The inquiry was a result of peacetime. Any death of a serviceman was reviewed. The blame squarely placed upon the individuals or equipment responsible. What concern him were the actions after the captain’s death. Merely being out of the academy for six months did not help matters either. Would the members of the board see his actions as rash and wreckless as the captain had written in his evaluation?

The only hint of how the processing was going was when one of them left. A smile or thumbs up from a crewmember. The only concern he had is when WO Ankara came out. His face was drained and his lips were tight. He glanced nervously at him before hurrying down the hallway. He had also been the last member of the ANV Thomas Walker to testify.

The Sergeant at Arms stepped out of the room. “Ensign Stardin, the panel is ready for you.”
He rose and entered the room. He walked in from to the table and salute. “Ensign Rigel Stardin, reporting as ordered, sirs.”

“Have a seat ensign.” Commander Balzac returned his salute for the three officers. He did as he was ordered. Balzac continued. “This inquiry is into the actions of the crew of the Thomas Walker on log date 061600. We are only here to discuss the facts as you recall them. It is an informal hearing however your testimony will be recorded for the record just the same.”

“Yes sir.” Stardin replied.

“What were your duties aboard the Thomas Walker prior to 061600?” Lieutenant Donetsk asked.

“Auxiliary pilot and Quartermaster sir.”

“At the time of the hostiles where were you stationed and what were your duties?”

Lieutenant Piraeus was the next to ask a question.

“Deck access hatch near engineering, I was assigned to damage control sir.”

Balzac, “You were not on the bridge.”

“No sir.”

Piraeus, “You were not aware of the tactical situation at that time.”

“Only what I heard over the intercom that we were at battle stations sir.”

Piraeus, “How did you learn of the death of Lieutenant Jinan and Captain Luther?”

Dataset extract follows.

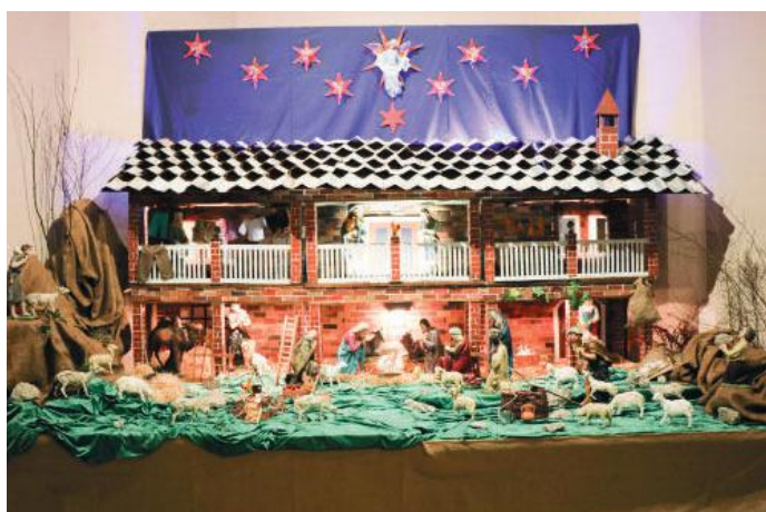
Chiesa parrocchiale San Carlo

“Warrant Officer Ankara requested assistance on the bridge sir.”

Balzac looked up from his notes. “Are you sure about this, Ensign?”

“Yes sir.” His voice did not waiver. “His message over the intercom was somewhat garbled but, it clearly indicated he need assistance.”

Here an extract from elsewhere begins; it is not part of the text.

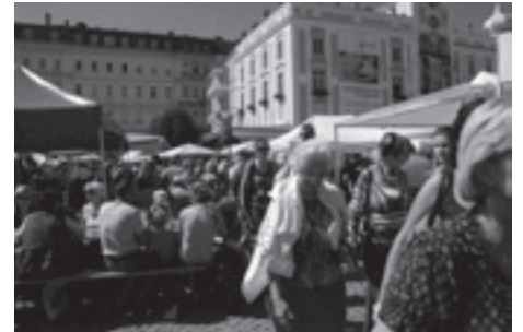
グムンデン陶器祭り

held every year in the last week of August. Although it is only three days, many outdoor booths are set up and ceramic artists gather from all over Europe. The city's museums and galleries invite a variety of ceramic artists to hold exhibitions. In addition to everyday pottery, the festival provides an opportunity to see avant-garde work and sculptural ceramics. My exhibition was sponsored by the city of Gumunden and held in the Salzfertigerhaus, one of the city's oldest buildings that is designated as a cultural asset. I visited the gallery before my exhibition and measured its dimensions. Since it is an old building, I wanted to create work using part of the space, work that would not be possible in a modern white cubic gallery. On the last day of my exhibition, several people told me that my work was attracting attention and that other artists had told them to come and see my exhibition. I was relieved that my exhibition was a success. Many artists greeted me as I passed them on the street, and I was introduced to a number of other artists. It was very satisfying for me

Balzac frowned. “We review the flight data recorder Ensign. WO Ankara voice was neither garble or distorted. Would you explain yourself further?”

“The ship had taken damage sir. The intercom may have been damaged.” Stardin voice showed no hint that he was lying. “With the flight record on the bridge it may have had a better connection with the Warrant Officers’ suit than mine.”

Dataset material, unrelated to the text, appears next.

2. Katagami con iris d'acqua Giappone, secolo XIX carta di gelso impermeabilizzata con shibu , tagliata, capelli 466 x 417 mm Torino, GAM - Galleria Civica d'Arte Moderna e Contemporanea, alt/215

“I see.” Balzac looked at his notes. “What were your action following the call for assistance?”

“I went to the bridge where I discovered the Captain and the Lieutenant had both been killed. I removed the pilots’ body and took control of the vessel.”

“You stated in your report, the other vessel was approaching your vessel with caution. How did you determine this without any scanners?” Donetsk.

“We would have been death if he hadn’t sir.” Stardin had a whimsical look on his face. “The destruction of the first corsair may have frightened him slightly.”

Donetsk gave him a harsh look. “So you assumed, the other vessel was hanging back in order to assesses the damage the first ship had effected upon the Thomas Walker?”

“Yes sir. Had he seen that our drives were damaged and we had lost all power to the weapons he would have closed in for the kill?”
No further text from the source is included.